Items listed in a dataset
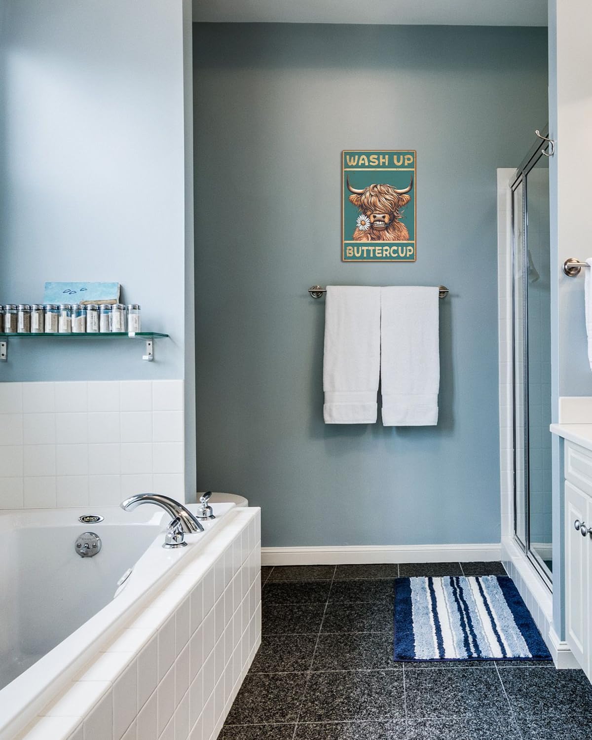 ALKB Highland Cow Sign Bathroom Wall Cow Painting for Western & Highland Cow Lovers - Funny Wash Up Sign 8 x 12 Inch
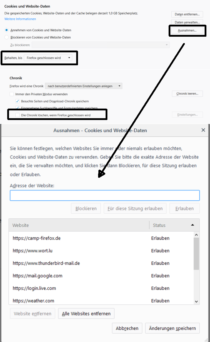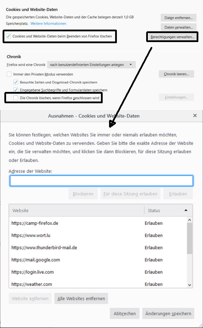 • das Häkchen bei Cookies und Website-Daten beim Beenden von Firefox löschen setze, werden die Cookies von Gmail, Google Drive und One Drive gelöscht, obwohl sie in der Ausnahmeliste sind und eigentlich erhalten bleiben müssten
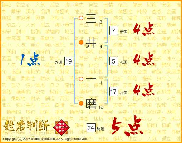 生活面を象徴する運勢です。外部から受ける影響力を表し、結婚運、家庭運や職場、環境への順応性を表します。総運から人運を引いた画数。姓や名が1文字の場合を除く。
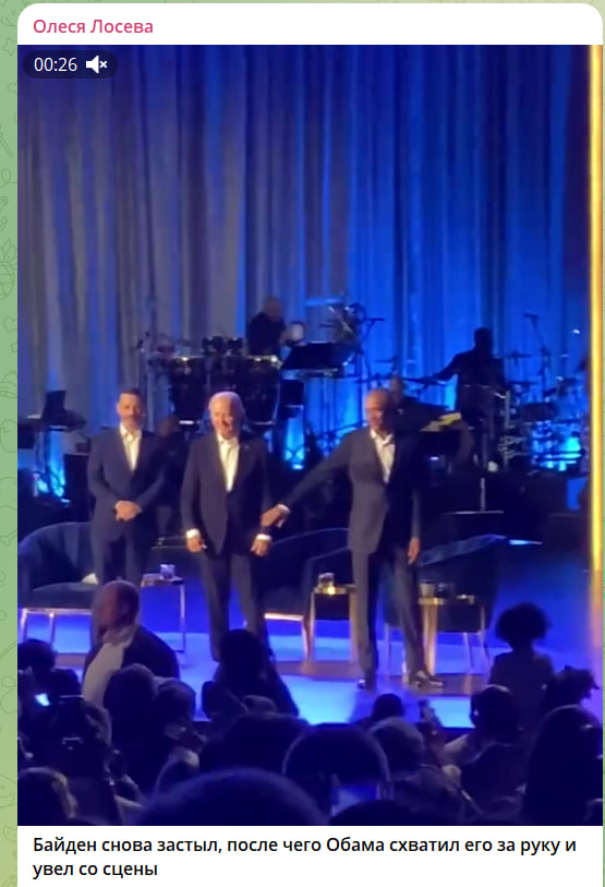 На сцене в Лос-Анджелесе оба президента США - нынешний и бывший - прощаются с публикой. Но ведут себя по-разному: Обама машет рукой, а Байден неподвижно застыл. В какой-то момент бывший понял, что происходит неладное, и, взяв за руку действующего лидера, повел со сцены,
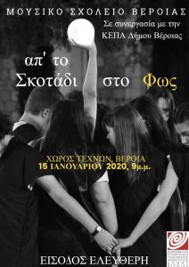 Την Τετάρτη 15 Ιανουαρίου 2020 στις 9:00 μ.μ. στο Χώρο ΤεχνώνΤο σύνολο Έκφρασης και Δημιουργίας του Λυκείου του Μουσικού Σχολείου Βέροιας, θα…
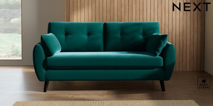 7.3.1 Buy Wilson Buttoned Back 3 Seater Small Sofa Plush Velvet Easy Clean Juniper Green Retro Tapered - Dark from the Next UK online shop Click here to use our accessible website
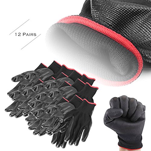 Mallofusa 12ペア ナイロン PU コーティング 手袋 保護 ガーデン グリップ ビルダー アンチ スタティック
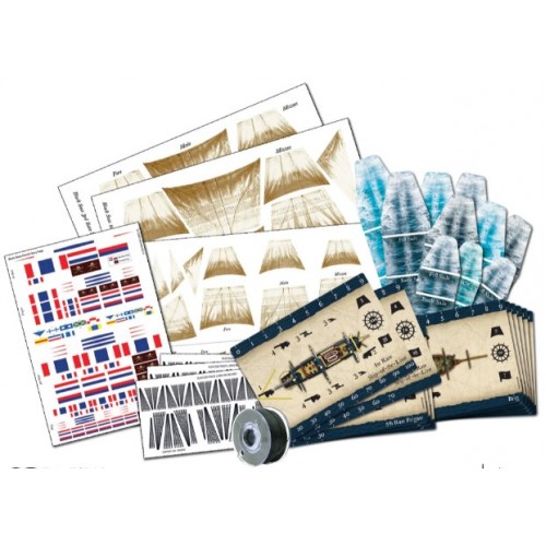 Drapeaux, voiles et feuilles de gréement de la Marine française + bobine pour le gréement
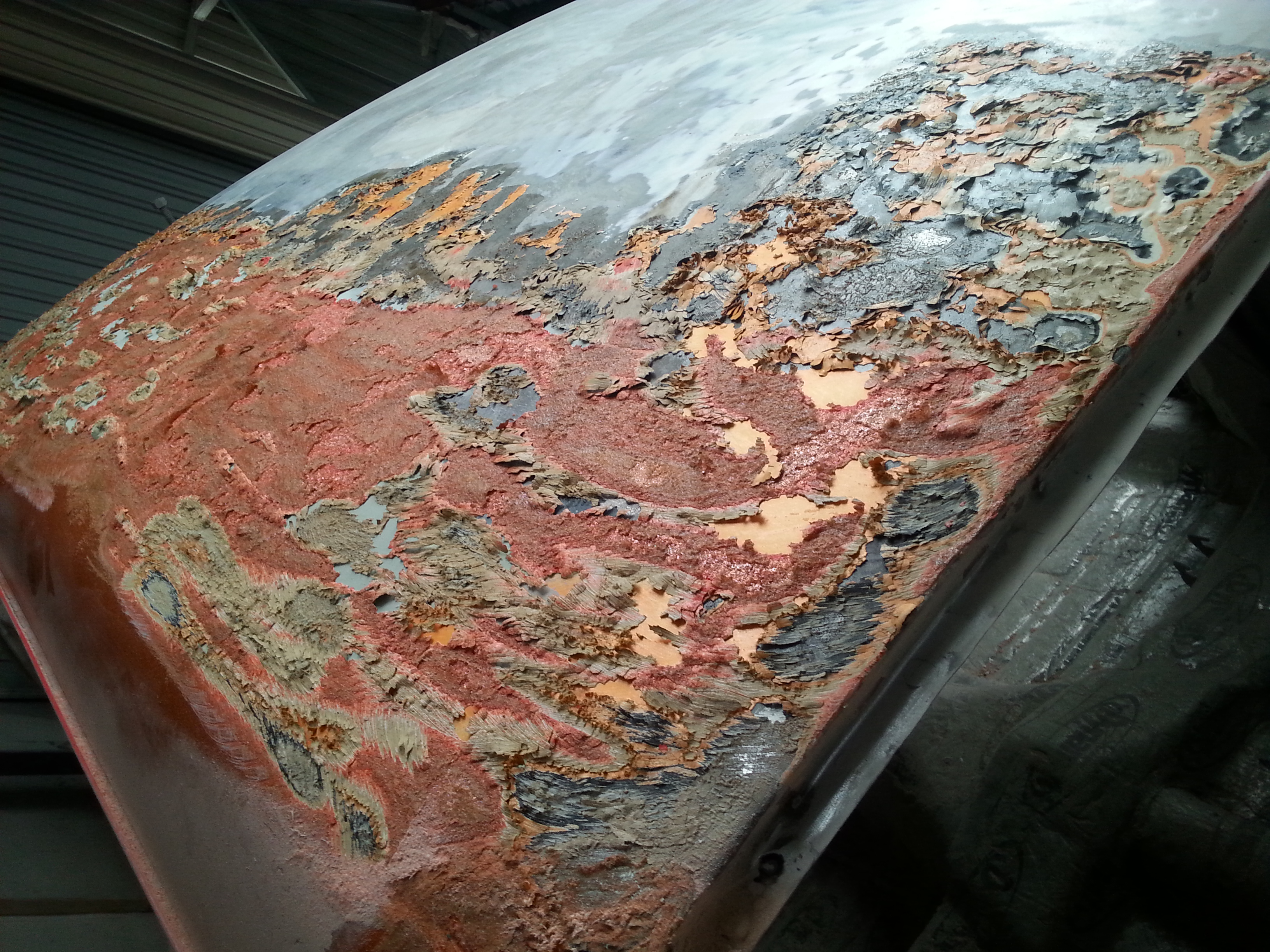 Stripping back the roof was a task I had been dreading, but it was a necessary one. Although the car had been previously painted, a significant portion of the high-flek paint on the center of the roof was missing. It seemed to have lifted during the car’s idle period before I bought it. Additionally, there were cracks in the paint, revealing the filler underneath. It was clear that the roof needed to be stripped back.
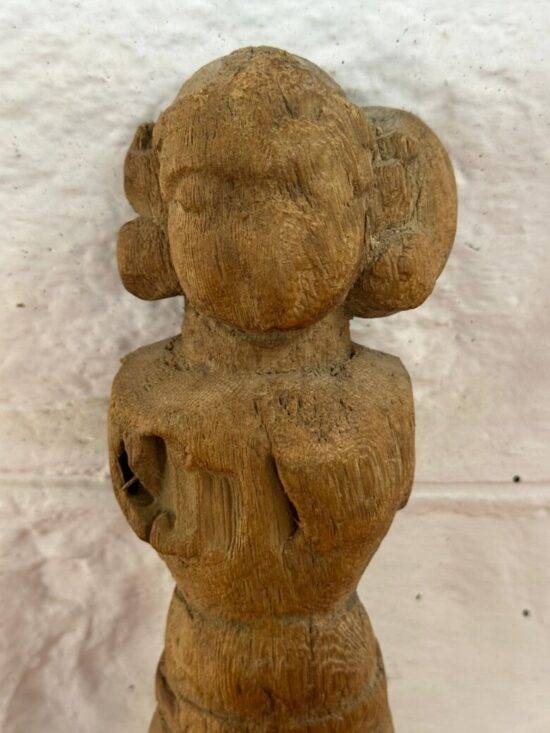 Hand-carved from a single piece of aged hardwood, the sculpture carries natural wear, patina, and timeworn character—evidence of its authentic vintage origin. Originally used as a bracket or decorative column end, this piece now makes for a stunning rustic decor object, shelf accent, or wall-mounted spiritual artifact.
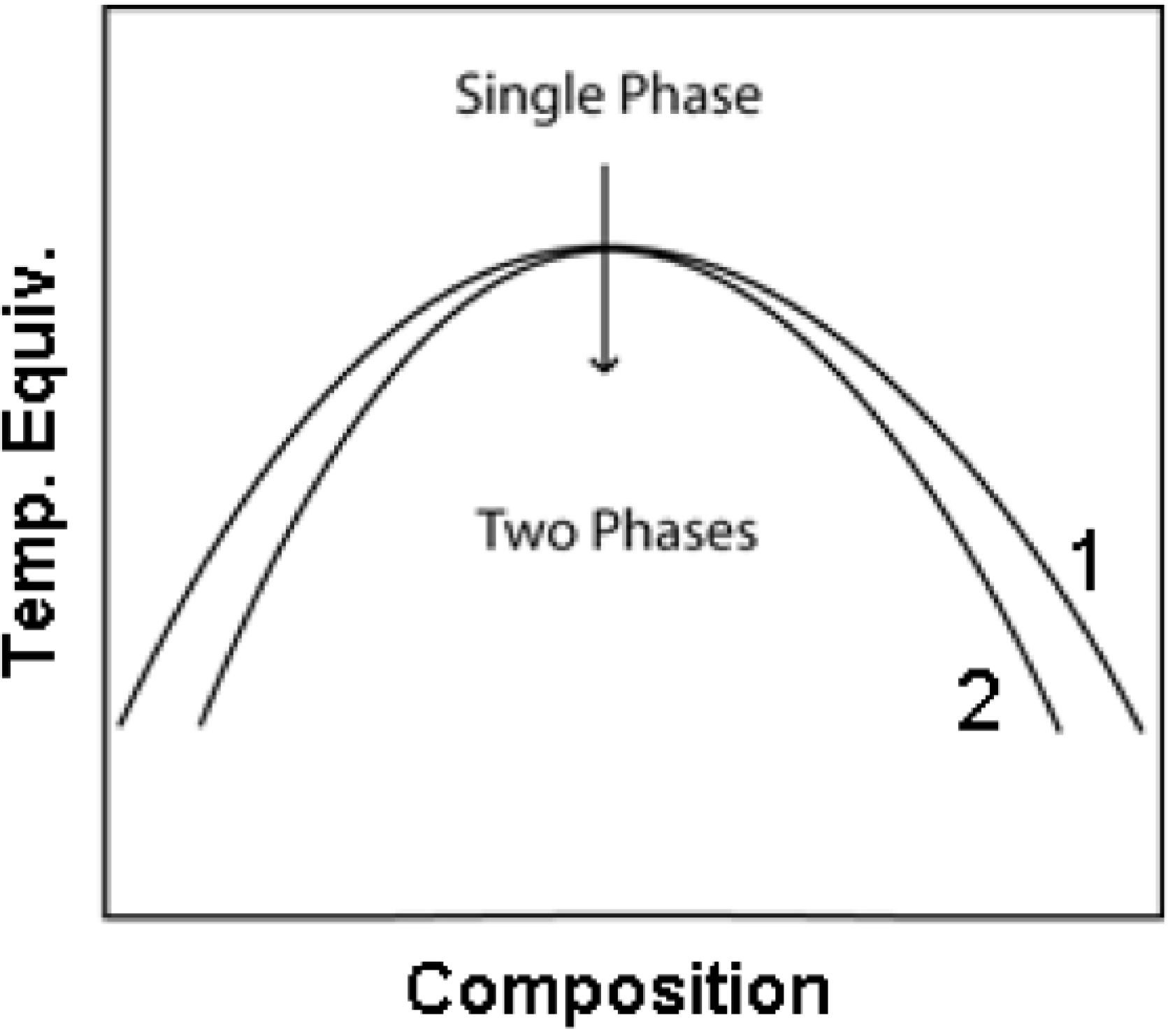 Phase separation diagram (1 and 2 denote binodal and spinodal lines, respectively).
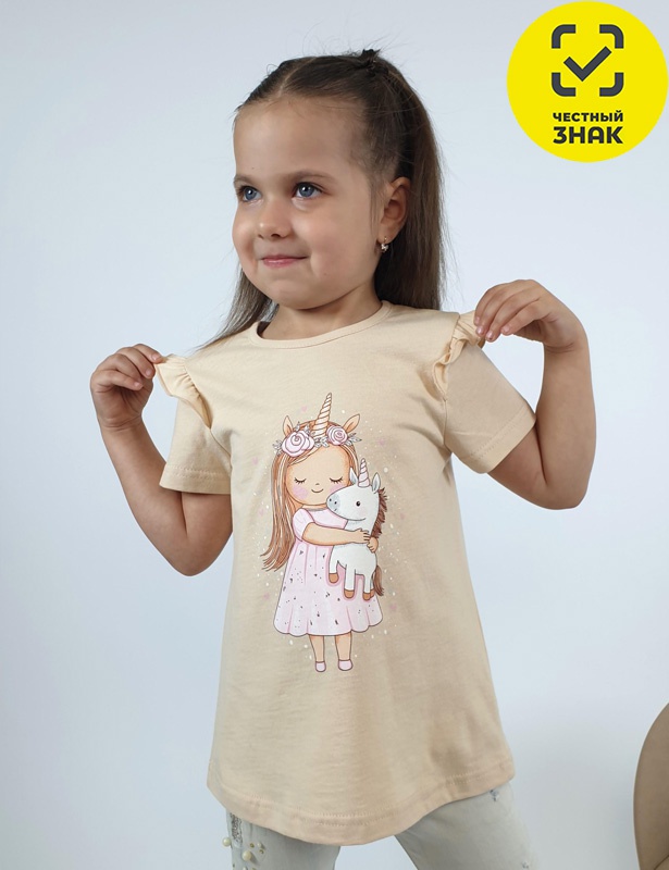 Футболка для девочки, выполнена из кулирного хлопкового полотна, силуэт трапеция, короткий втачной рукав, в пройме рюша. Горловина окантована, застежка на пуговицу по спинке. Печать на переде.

REQUIREMENT
The response must repeat exactly the lines above from the one with "7.3.1 Buy Wilson" through the one with "Mallofusa 12ペア ナイロン", including both, and must contain no pictures and no other text.

RESPONSE
 7.3.1 Buy Wilson Buttoned Back 3 Seater Small Sofa Plush Velvet Easy Clean Juniper Green Retro Tapered - Dark from the Next UK online shop Click here to use our accessible website
 Mallofusa 12ペア ナイロン PU コーティング 手袋 保護 ガーデン グリップ ビルダー アンチ スタティック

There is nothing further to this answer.